Se quedó absorto en algo que había por detrás de la inspectora y suspiró como si se sintiera incomprendido.
—Se creía alguien cada vez que desfilaba por la entrada. Ella era muy simpática, hablábamos por encima del seto de vez en cuando. Antes de lo de mi enfermedad.
—¿A qué se dedicaba?
—Era ama de casa, le sacaba brillo a los botones del uniforme del marido. Y bebía, la oía tirar las botellas al garaje. Eso estropea la piel, la hace poco natural, pero, al fin y al cabo, ¿qué queda de natural en esta realidad semisintética en la que nos movemos? Un paisaje infestado de pvc, domesticado. Santo Dios, si hoy en día es menos ácida la coca-cola que la lluvia, y eso que…
—¿Y la hija? —le interrumpió.
Él se encogió de hombros.
—Una niña callada, nunca la vi jugar con los demás críos de la calle. Solía quedarme a verla trastear por el jardín. Como ve, tengo buenas vistas. Una vez…
De pronto se puso triste y, por un momento, Lisa creyó que sentía compasión de la pequeña, pero después continuó:
—Un día chocó un mirlo contra los ventanales de su fachada y se quedó tirado en la terraza, agonizando. La niña lo miraba, cómo decirlo… fascinada. Después lo enterró en la arena donde solía jugar.
—¿Y?
—Al cabo de una semana volvió a desenterrarlo, le arrancó las plumas y lo llevó de acá para allá todo el día. Al final la vi tirarlo en el suelo del salón. Bueno, eso creo, porque se oyeron unos gritos horribles de la madre. Supongo que estaría repleto de gusanos.

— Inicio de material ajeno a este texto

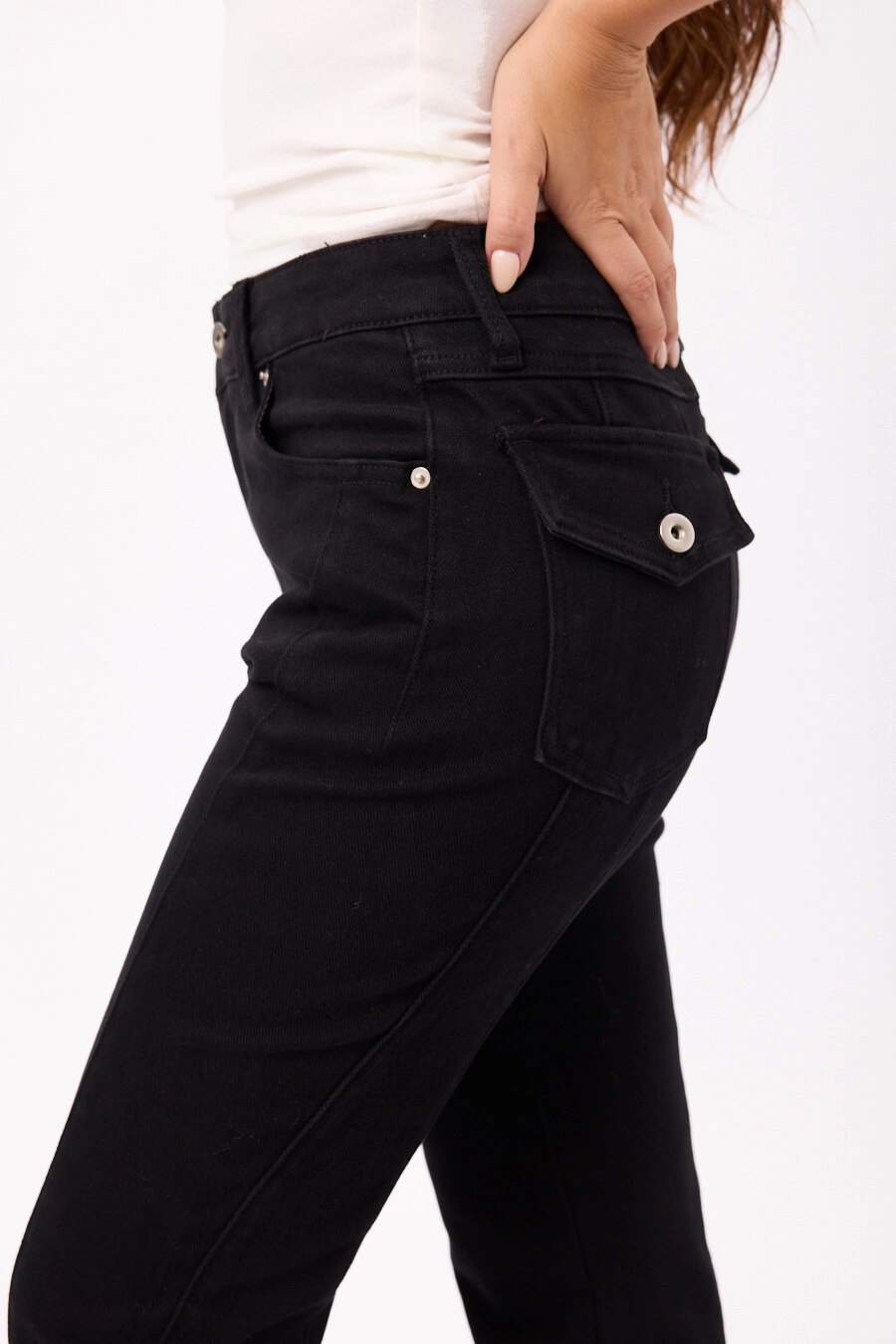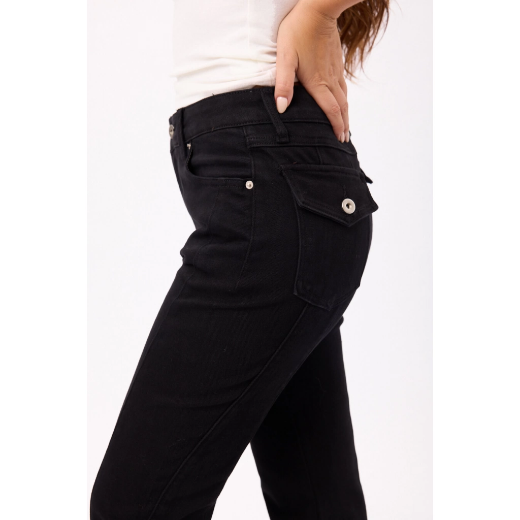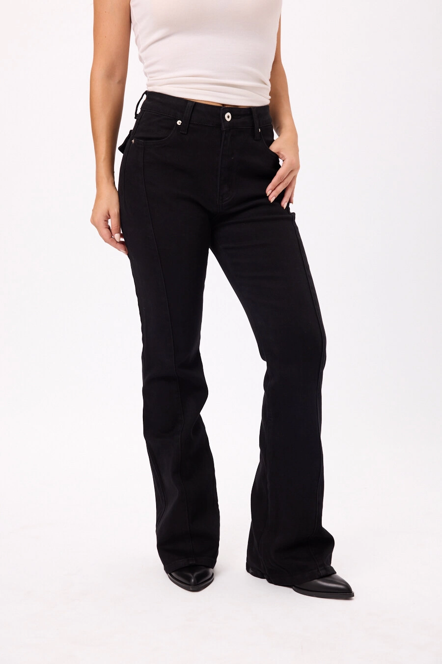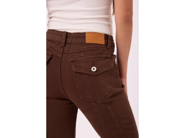 Pantalón tiro alto con pierna levemente acampanada Colores: negro y marrón. Talles S/M/L/XL.

Le miró, incómoda, y se encogió en la cazadora.
—¿No sabrá, por casualidad, adónde se mudaron?
—No. Creo que la niña acabó con una familia de acogida cuando desapareció el padre, dijeron que se había ahogado. Tendría trece años por aquel entonces. La madre se marchó hace dos.
—¿No sabe adónde?
El hombre hizo un gesto negativo.
Lisa observó la casa amarilla. Parecía tranquila, como si allí no viviera nadie o llevara vacía mucho tiempo. La publicidad desbordaba del buzón de la pared y las persianas de la cocina estaban a medio bajar. El tiempo se había detenido y bien pudiera haber sido un húmedo día de octubre de mediados de los ochenta.
—Es posible que conserve en algún sitio un papel con una dirección —dijo el hombre—, no sé por qué me lo daría. Seguramente estará en el secreter, pero nunca entro en esa habitación, me dan miedo las serpientes.
—A mí no —le aseguró Jacob—. Indíqueme dónde está y yo lo buscaré.
—Un buen día llegará el fin del mundo y ya no habrá más serpientes.